Following the previous definitions for \(H\), \(A\) and \(T\), one specific case that's considered widely is

\[ \begin{cases} &H = \boxed{\alpha H_0} + H_1 = \boxed{\frac{\omega_0}{2}\sigma_z} + \Omega\cos(\omega t + \phi)\sigma_x \\ &A = \boxed{\beta H_0} = \boxed{\frac{\omega}{2}\sigma_z} \end{cases} \]

often we consider the case where \(\omega\gg\Omega\) and \(\omega\gg|\omega-\omega_0|\).

Then, according to the changing rule for \(H(t) \mapsto H_I(t)\) just derived above,

\[ \begin{align*} H_I(t) &= (THT^\dagger) - iT\frac{∂T^\dagger}{∂t} \\ &= e^{iAt} (\alpha H_0 + H_1) e^{-iAt} - ie^{iAt}\frac{∂e^{-iAt}}{∂t} \\ &= \boxed{e^{iAt} (\alpha H_0) e^{-iAt}} + e^{iAt} (H_1) e^{-iAt} - A \\ &= \boxed{(\alpha H_0)} + e^{iAt} (\Omega\cos(\omega t + \phi)\sigma_x) e^{-iAt} - A \\ &= \frac{\omega_0}{2}\sigma_z + \Omega\cos(\omega t + \phi) e^{i\omega\sigma_zt/2} \sigma_x e^{-i\omega\sigma_zt/2} - \frac{\omega}{2}\sigma_z \\ &= \frac{\omega_0-\omega}{2}\sigma_z + \Omega\cos(\omega t + \phi) \begin{bmatrix} e^{i\omega t/2} & 0 \\ 0 & e^{-i\omega t/2} \end{bmatrix} \begin{bmatrix} 0 & 1 \\ 1 & 0 \end{bmatrix} \begin{bmatrix} e^{-i\omega t/2} & 0 \\ 0 & e^{i\omega t/2} \end{bmatrix} \\ &= \frac{\omega_0-\omega}{2}\sigma_z + \Omega\cos(\omega t + \phi) \begin{bmatrix} 0 & e^{i\omega t} \\ e^{-i\omega t} & 0 \end{bmatrix} \\ &= \frac{\omega_0-\omega}{2}\sigma_z + \frac\Omega 2 \begin{bmatrix} 0 & \textcolor{red}{e^{2i\omega t+i\phi}} + e^{-i\phi} \\ e^{i\phi} + \textcolor{red}{e^{-2i\omega t-i\phi}} & 0 \end{bmatrix} \end{align*} \]

(note that the boxed \(\boxed{e^{iAt} (\alpha H_0) e^{-iAt}}\) term can be reduced to \(\boxed{(\alpha H_0)}\) because all terms only involve \(\sigma_z\), hence commute with each other.)
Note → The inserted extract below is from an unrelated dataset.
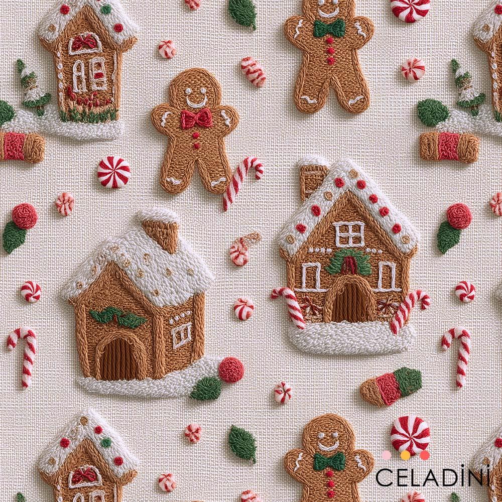 3D Nakış Efektli Kurabiye Adamlar ve Evler Yılbaşı Kumaşı
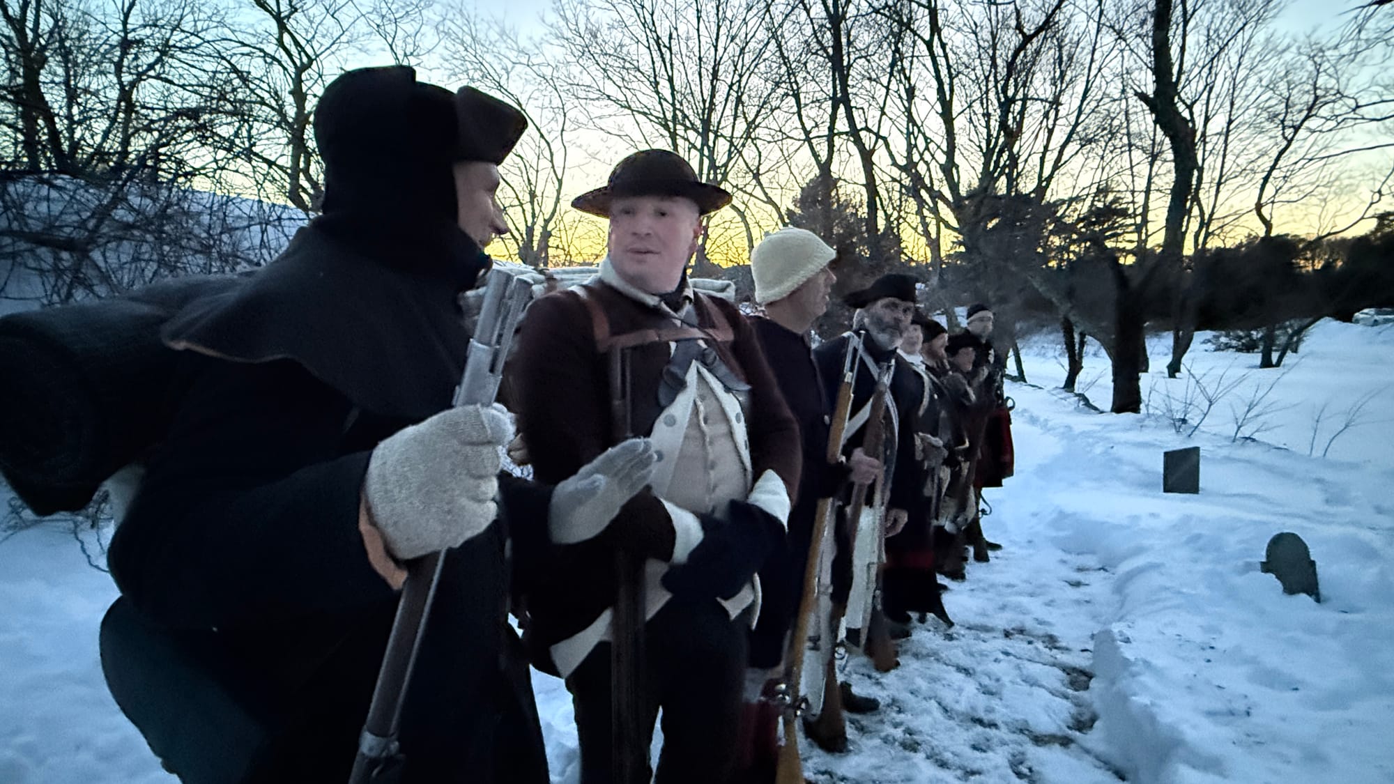The ceremony featured a brief program of remarks followed by three musket volleys and a return march toward Glover Square, where the regiment fired three additional volleys at Glover's former home.

We can ignore the term \(\textcolor{red}{\cancel{e^{2i\omega t+i\phi}}}\) and \(\textcolor{red}{\cancel{e^{-2i\omega t-i\phi}}}\) if we are only interested in the system's long-time behavior, and this leads to:

\[ H_I(t) \approx \frac{\omega_0-\omega}{2}\sigma_z + \frac\Omega 2 (\sigma_x\cos\phi + \sigma_y\sin\phi), \]

which is the effective Hamiltonian in the rotating frame \((\omega)\).